Your objective: Transcribe the data in full and exactly, omitting any pictures.

Exercise data:
>>>>
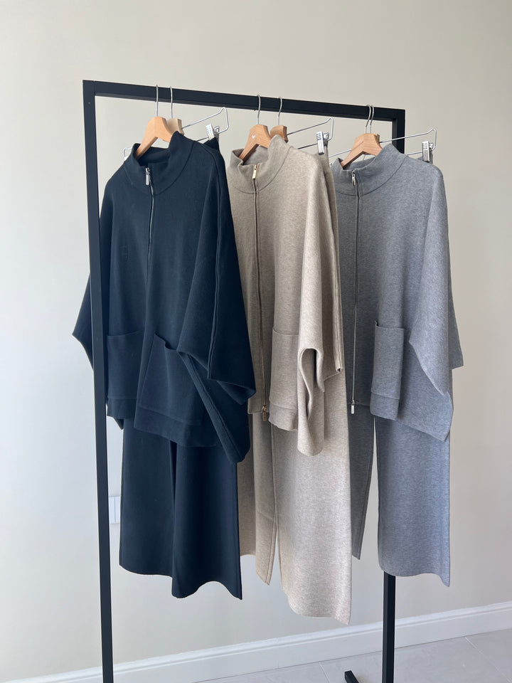 Eleganza e comfort si incontrano in questo completo in maglia dal taglio moderno.
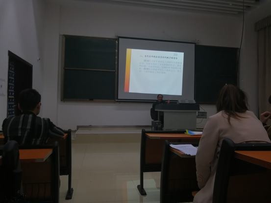 2018年11月15日系教务主任杨均老师在1-1教室讲解“党的性质和指导思想”。
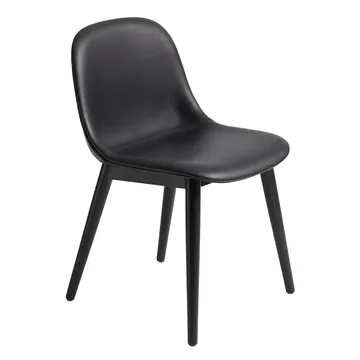 Fiber Side Chair z drewnianymi nogami, Black leather-black Muuto
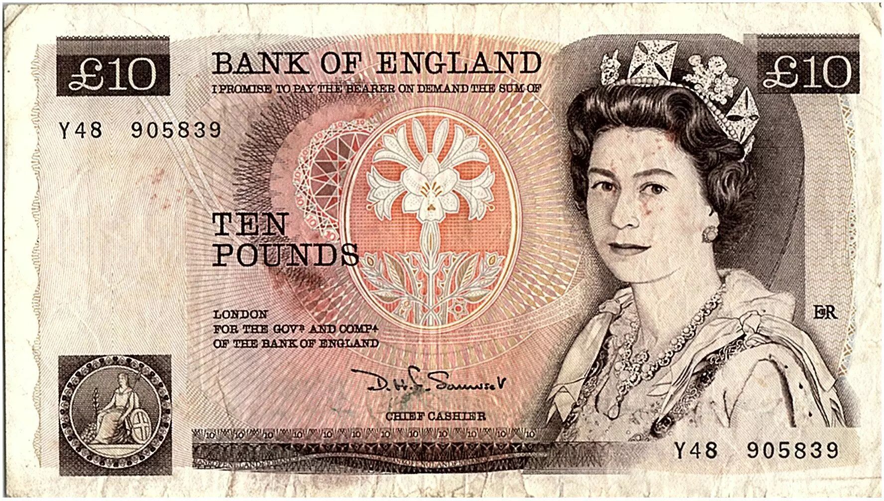 Home > > United Kingdom 10 Pounds, Elizabeth II - Florence Nightingale - 1980 - P.379b - F to VF - Serial Y.48
<<<<
Result for this exercise:
 Eleganza e comfort si incontrano in questo completo in maglia dal taglio moderno.
 2018年11月15日系教务主任杨均老师在1-1教室讲解“党的性质和指导思想”。
 Fiber Side Chair z drewnianymi nogami, Black leather-black Muuto
 Home > > United Kingdom 10 Pounds, Elizabeth II - Florence Nightingale - 1980 - P.379b - F to VF - Serial Y.48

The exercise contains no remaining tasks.